Second, the dataset contains missing values, especially for secondary and tertiary education. Because tertiary education has the least complete data, trends at that level should be interpreted cautiously.

Third, the government system categories are simplified. Many countries have more specific institutional arrangements, such as federal presidential republics, unitary presidential republics, constitutional monarchies, or hybrid systems. Grouping them into only three categories makes the analysis easier to interpret, but it may hide important variation.

Fourth, the analysis uses gross enrollment rates. Gross enrollment can exceed 100%, so it should not be interpreted as the exact percentage of children of the official age group enrolled in school.

Conclusion

This report examined education enrollment in African countries by government system type. The analysis found that primary enrollment is high across all systems, but secondary and tertiary enrollment differ more strongly by government type.

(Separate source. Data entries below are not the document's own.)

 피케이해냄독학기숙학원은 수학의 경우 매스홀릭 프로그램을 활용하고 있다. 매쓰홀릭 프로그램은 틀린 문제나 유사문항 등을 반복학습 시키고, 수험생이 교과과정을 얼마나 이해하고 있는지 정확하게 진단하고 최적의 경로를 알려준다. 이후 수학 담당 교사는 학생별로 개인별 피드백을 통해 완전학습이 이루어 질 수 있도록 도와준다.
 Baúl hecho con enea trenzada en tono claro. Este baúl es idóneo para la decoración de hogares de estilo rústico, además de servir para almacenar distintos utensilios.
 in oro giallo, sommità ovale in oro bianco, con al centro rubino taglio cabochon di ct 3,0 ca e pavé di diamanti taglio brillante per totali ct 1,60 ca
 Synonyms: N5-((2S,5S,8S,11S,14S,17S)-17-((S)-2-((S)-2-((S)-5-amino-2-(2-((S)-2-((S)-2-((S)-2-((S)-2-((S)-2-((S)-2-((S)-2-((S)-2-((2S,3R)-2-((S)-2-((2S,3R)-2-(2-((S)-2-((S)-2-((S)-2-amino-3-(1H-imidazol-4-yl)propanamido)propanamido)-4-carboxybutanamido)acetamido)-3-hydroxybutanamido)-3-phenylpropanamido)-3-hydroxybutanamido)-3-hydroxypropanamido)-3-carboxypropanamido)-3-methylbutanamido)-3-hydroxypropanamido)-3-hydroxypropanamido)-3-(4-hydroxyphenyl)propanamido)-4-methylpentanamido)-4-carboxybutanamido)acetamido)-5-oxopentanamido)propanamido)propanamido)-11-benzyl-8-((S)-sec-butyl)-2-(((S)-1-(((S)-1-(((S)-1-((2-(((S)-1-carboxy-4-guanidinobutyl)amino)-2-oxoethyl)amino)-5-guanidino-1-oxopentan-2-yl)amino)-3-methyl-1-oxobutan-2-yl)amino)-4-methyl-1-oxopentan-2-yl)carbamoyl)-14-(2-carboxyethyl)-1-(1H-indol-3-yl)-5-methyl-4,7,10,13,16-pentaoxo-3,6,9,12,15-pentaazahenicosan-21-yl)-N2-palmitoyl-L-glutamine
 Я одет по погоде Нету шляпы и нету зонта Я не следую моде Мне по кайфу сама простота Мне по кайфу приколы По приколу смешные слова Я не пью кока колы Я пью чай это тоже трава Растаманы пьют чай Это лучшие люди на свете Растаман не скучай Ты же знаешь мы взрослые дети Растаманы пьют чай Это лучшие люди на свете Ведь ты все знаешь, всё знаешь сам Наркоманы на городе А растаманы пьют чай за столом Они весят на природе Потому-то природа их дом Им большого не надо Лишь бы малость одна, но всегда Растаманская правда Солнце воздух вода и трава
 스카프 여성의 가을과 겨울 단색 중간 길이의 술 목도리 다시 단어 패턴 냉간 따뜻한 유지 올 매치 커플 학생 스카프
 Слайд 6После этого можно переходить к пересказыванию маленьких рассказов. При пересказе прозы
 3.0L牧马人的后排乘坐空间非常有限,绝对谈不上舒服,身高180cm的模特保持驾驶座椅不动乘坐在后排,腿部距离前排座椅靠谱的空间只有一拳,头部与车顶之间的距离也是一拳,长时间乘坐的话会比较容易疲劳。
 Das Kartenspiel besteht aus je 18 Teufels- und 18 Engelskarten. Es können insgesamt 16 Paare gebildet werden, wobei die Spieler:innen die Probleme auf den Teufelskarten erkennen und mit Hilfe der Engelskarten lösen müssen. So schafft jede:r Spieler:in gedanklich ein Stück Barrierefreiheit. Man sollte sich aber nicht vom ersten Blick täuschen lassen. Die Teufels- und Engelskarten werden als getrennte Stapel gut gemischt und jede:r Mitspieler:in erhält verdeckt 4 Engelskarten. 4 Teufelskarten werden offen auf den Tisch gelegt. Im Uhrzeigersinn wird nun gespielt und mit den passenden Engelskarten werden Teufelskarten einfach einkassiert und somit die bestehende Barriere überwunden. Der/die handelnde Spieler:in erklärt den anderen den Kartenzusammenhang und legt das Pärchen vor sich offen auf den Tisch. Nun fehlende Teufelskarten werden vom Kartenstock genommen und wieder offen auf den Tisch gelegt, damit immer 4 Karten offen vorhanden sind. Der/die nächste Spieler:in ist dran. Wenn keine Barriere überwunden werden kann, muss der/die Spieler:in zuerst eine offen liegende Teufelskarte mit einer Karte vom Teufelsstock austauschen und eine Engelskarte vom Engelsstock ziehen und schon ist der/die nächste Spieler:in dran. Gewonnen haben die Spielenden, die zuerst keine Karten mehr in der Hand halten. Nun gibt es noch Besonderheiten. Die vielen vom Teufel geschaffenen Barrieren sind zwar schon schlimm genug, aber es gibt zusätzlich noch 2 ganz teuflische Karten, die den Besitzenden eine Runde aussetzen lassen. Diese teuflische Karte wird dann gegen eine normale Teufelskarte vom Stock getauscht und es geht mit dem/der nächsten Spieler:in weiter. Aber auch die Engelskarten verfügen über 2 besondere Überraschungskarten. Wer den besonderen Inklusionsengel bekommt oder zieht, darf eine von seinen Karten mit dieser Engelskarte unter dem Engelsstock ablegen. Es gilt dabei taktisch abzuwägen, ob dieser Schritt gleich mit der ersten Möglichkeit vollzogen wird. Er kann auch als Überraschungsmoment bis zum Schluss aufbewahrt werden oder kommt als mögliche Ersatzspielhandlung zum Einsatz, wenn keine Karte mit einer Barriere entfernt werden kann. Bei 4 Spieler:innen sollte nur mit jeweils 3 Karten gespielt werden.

Parliamentary systems generally show higher secondary and tertiary enrollment than presidential systems. Semi-presidential systems also show relatively strong outcomes in some years, especially for tertiary education, but with more volatility.

The findings suggest that political institutions may be connected to educational outcomes, particularly at higher levels of education. However, future research should include additional controls such as income group, public education spending, conflict status, and regional effects before making stronger causal claims.

Group Contributions

The project repository was managed using GitHub. Contributions were evaluated using GitHub commit history, additions, deletions, and each group member’s role in the project.

git shortlog -sn --all
git log --all --format='%aN' | sort -u | while read name; do
  echo "Author: $name"
  git log --all --author="$name" --pretty=tformat: --numstat | \
    awk '{ added += $1; deleted += $2 } END { print "Lines added:", added, "Lines deleted:", deleted, "Net lines:", added - deleted }'
  echo
done

References

World Bank. (2024). World Development Indicators. World Bank.

Project dataset: education_africa_cleaned.csv.

Project codebook: CODEBOOK.md.

Project cleaning script: clean_joined_data.py.